» Activity
Every line from the one with "Το δοχείο φιλτραρίσματος" up to and including the one with "HAND DYED RIBBONS" is to be output exactly as it appears below; pictures are not.

» Material supplied
*** Block opens ***
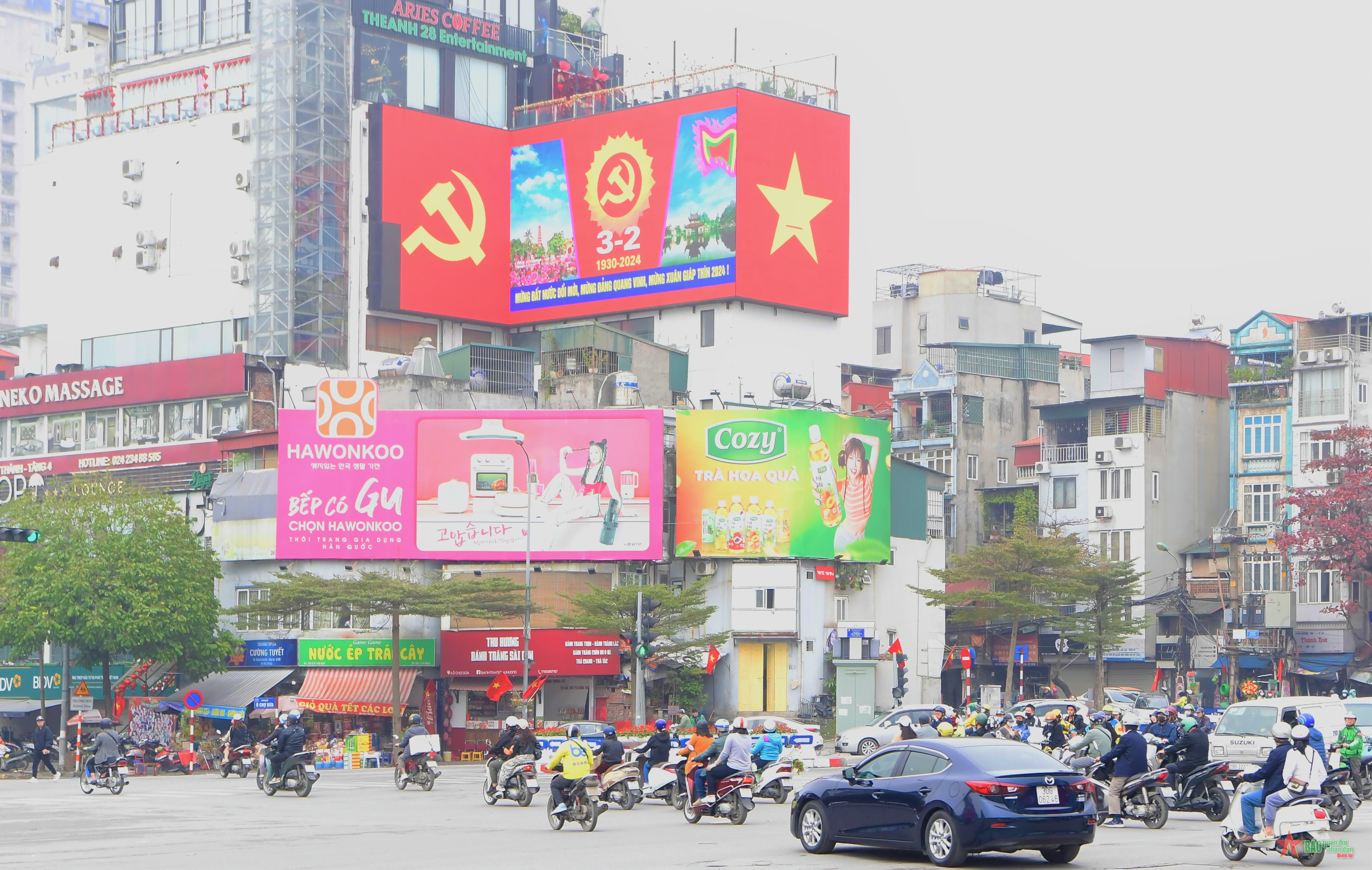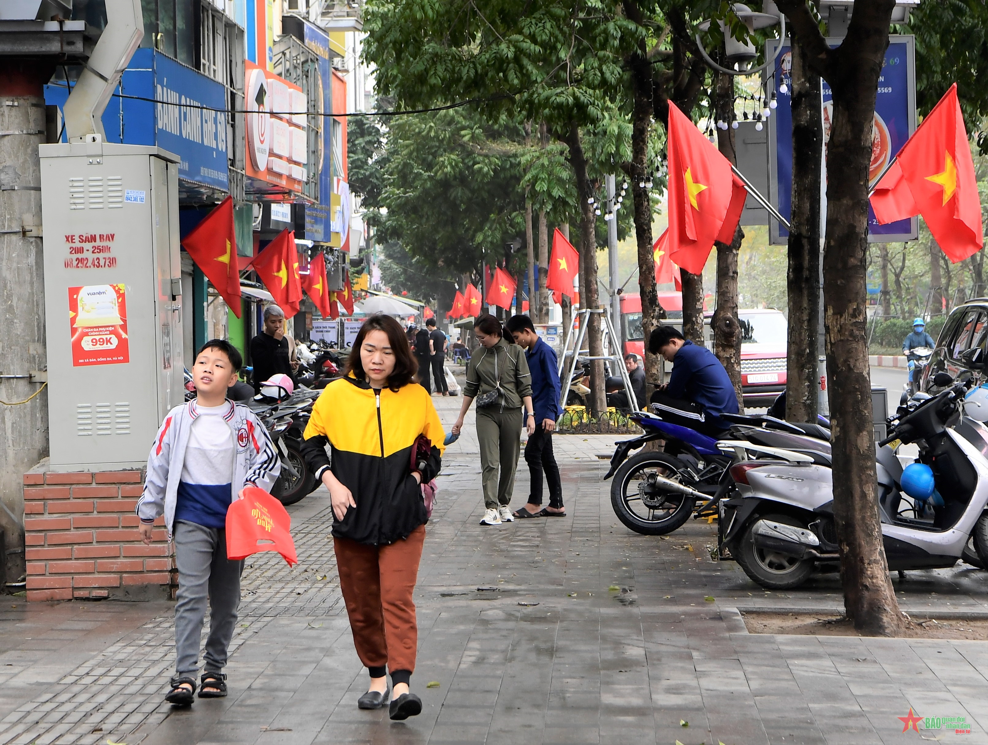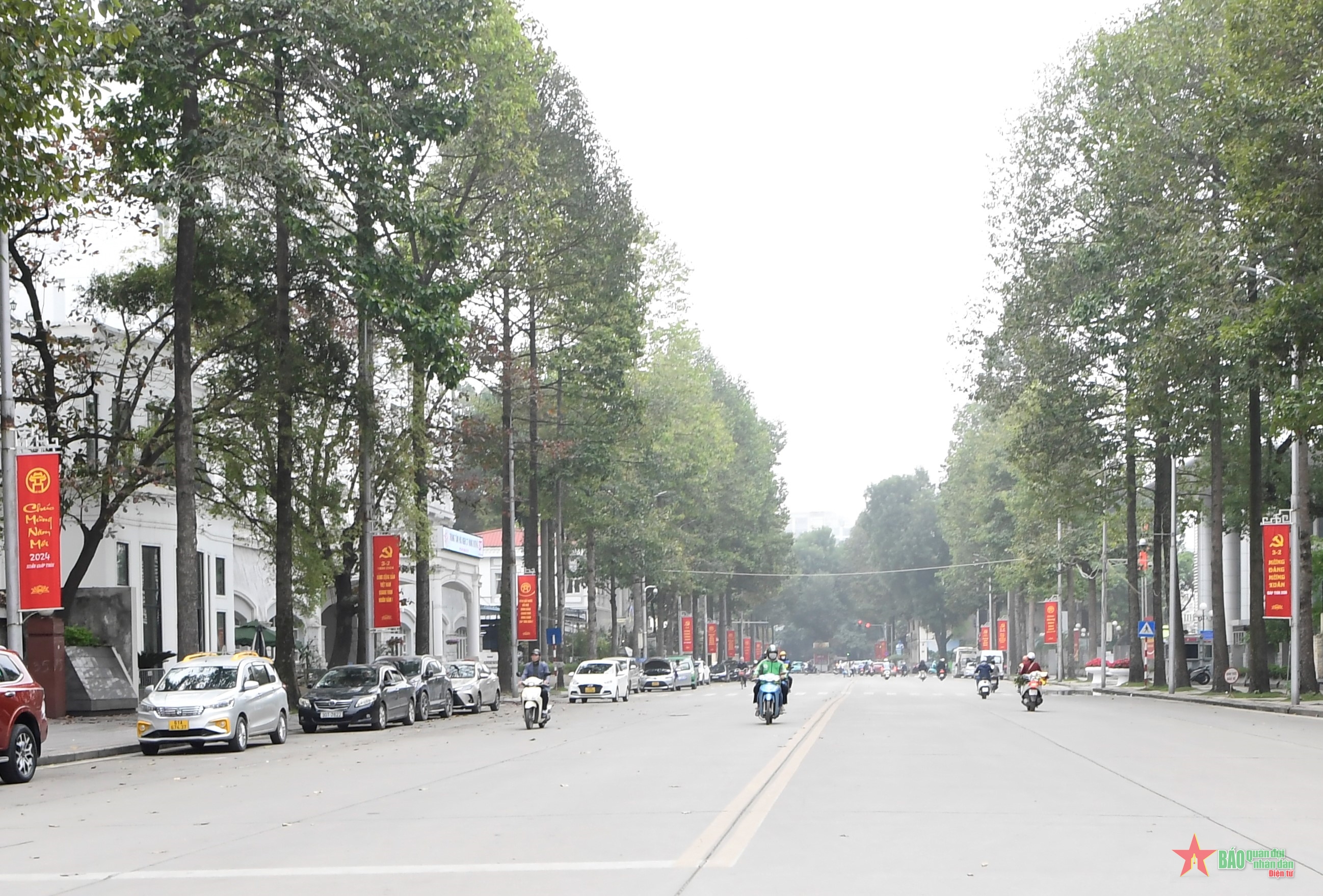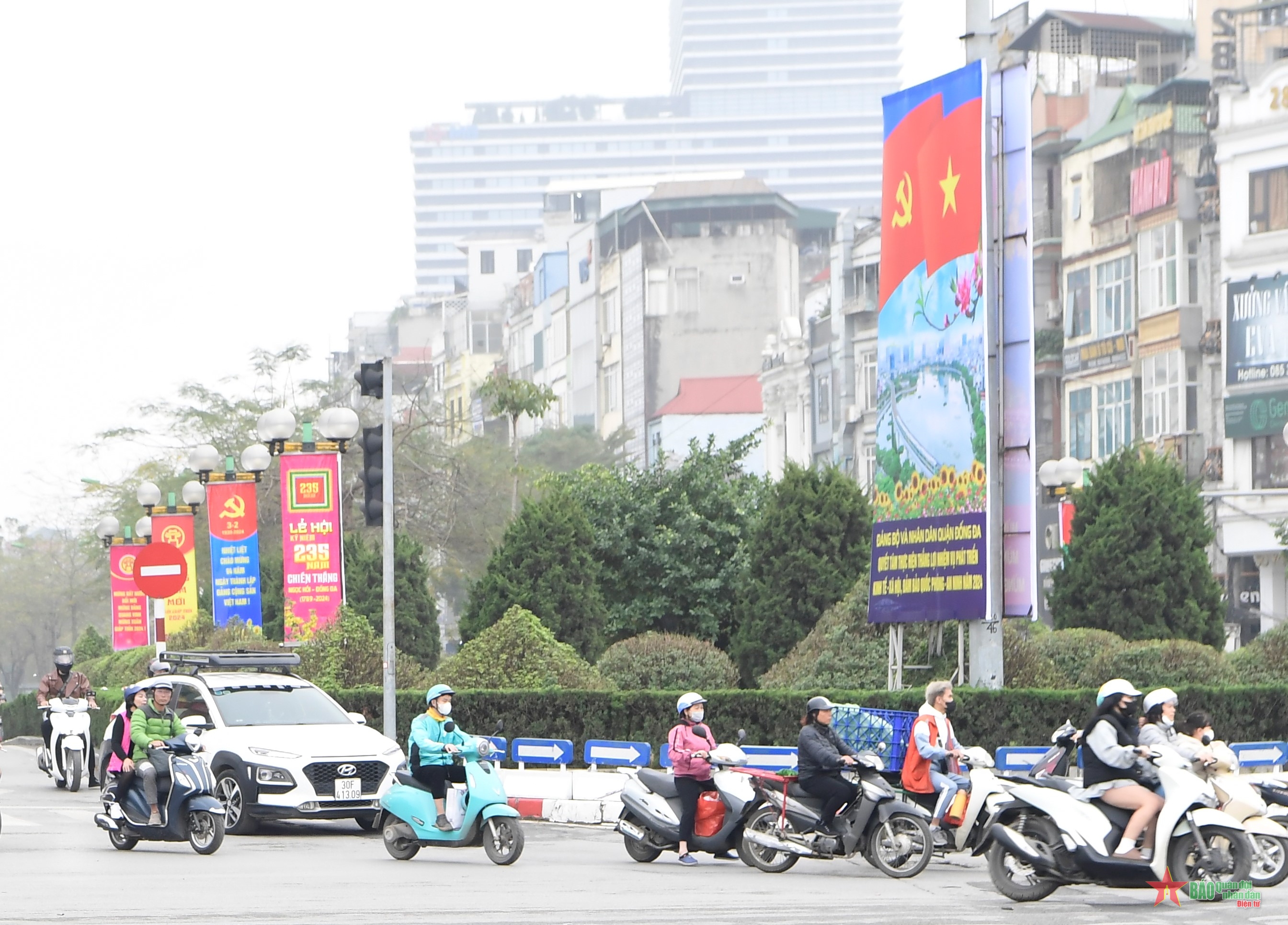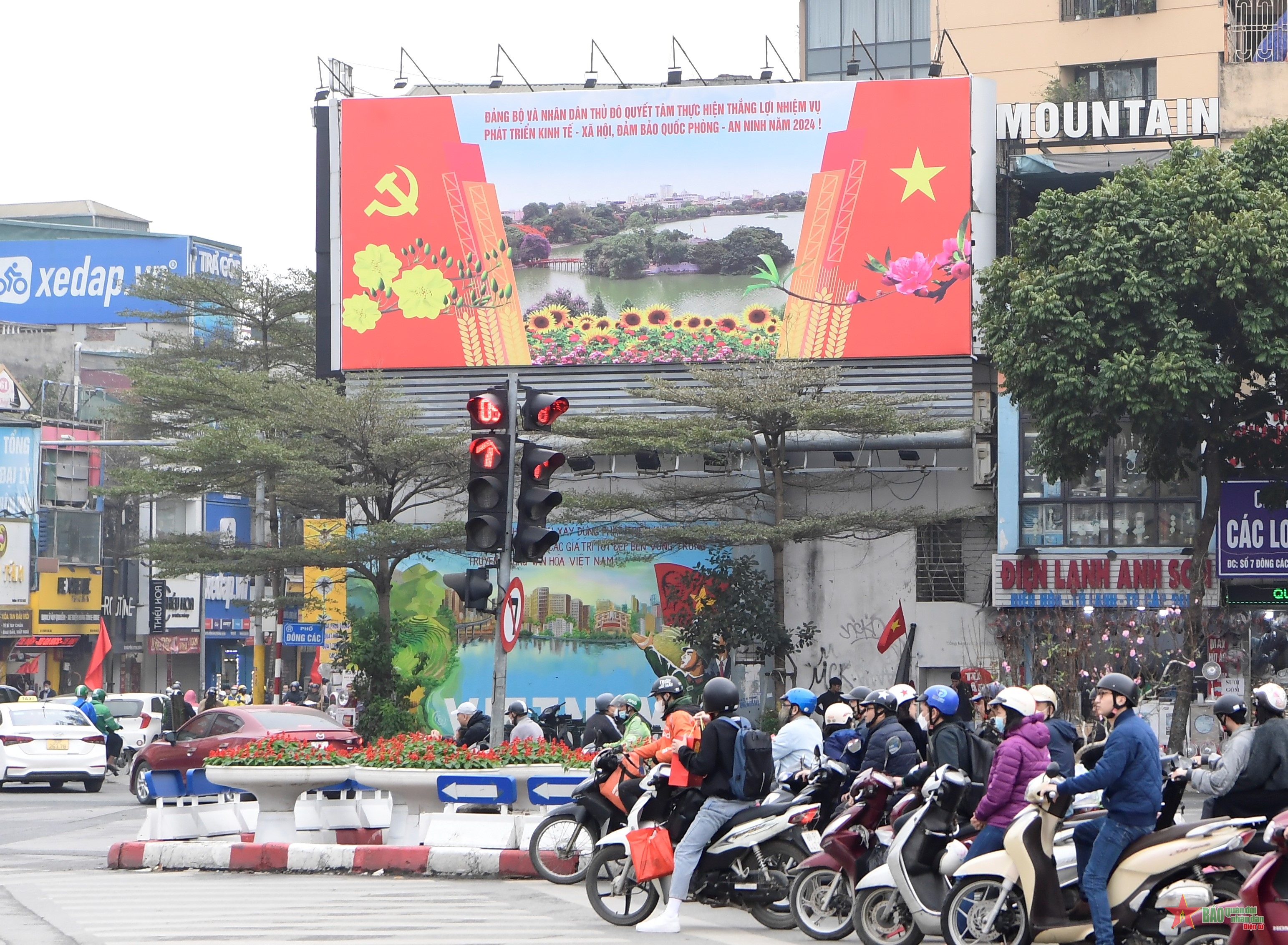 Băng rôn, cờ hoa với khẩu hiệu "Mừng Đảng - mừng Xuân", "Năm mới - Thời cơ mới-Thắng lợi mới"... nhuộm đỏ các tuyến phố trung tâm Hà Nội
*** Block closes ***
*** Block opens ***
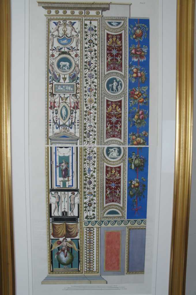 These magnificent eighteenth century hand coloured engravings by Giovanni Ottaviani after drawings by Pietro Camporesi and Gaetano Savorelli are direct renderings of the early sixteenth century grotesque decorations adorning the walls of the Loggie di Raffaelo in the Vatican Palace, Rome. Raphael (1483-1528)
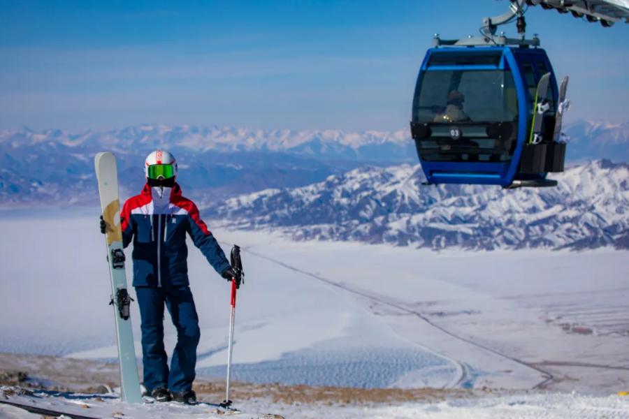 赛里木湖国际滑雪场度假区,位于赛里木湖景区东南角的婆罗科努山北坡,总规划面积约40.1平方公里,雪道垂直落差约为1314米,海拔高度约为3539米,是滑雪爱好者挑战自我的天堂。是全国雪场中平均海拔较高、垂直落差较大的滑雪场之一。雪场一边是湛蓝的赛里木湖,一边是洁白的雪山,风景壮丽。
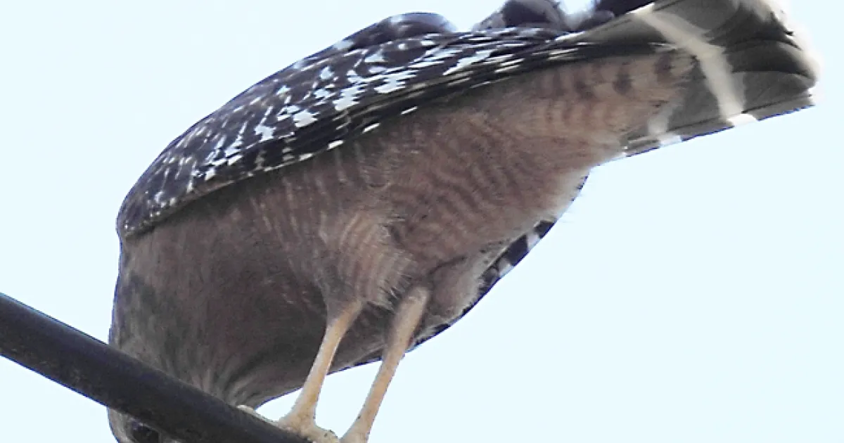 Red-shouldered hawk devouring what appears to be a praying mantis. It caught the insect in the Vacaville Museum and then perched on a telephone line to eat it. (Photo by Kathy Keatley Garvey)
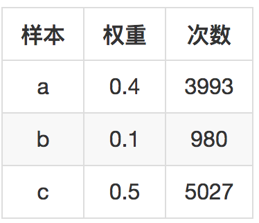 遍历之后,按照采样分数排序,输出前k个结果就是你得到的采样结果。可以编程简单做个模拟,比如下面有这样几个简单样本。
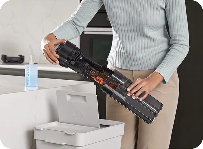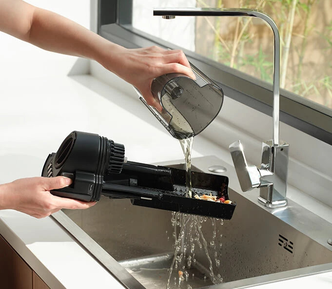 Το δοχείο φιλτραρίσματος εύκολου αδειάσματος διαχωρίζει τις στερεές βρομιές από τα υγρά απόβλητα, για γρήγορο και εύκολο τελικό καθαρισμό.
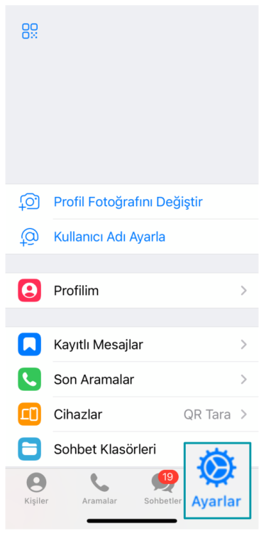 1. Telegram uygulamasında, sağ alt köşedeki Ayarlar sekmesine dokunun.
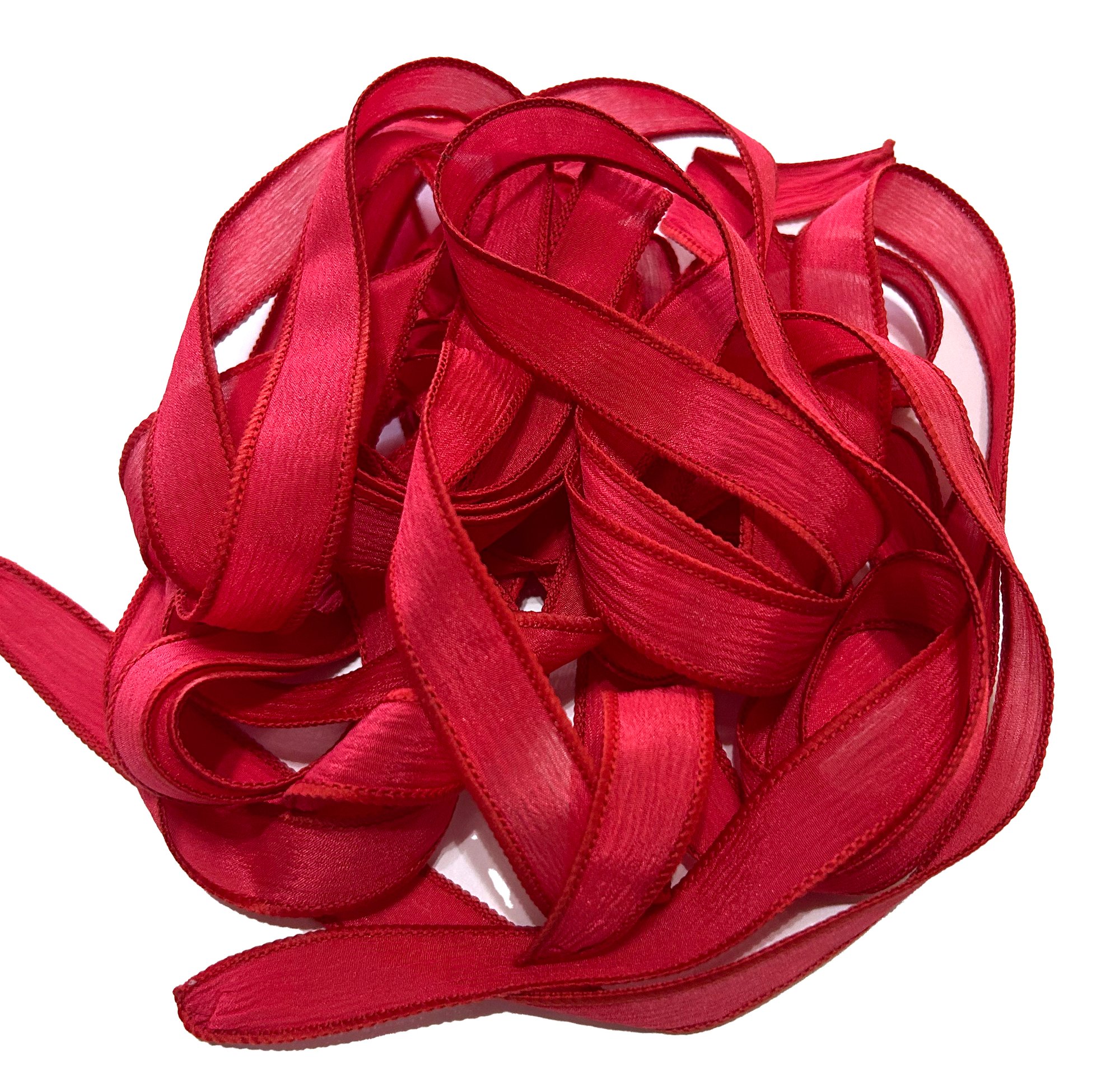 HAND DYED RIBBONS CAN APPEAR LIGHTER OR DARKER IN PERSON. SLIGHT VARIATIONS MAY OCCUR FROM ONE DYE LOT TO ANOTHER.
*** Block closes ***
» Result of the task
 Το δοχείο φιλτραρίσματος εύκολου αδειάσματος διαχωρίζει τις στερεές βρομιές από τα υγρά απόβλητα, για γρήγορο και εύκολο τελικό καθαρισμό.
 1. Telegram uygulamasında, sağ alt köşedeki Ayarlar sekmesine dokunun.
 HAND DYED RIBBONS CAN APPEAR LIGHTER OR DARKER IN PERSON. SLIGHT VARIATIONS MAY OCCUR FROM ONE DYE LOT TO ANOTHER.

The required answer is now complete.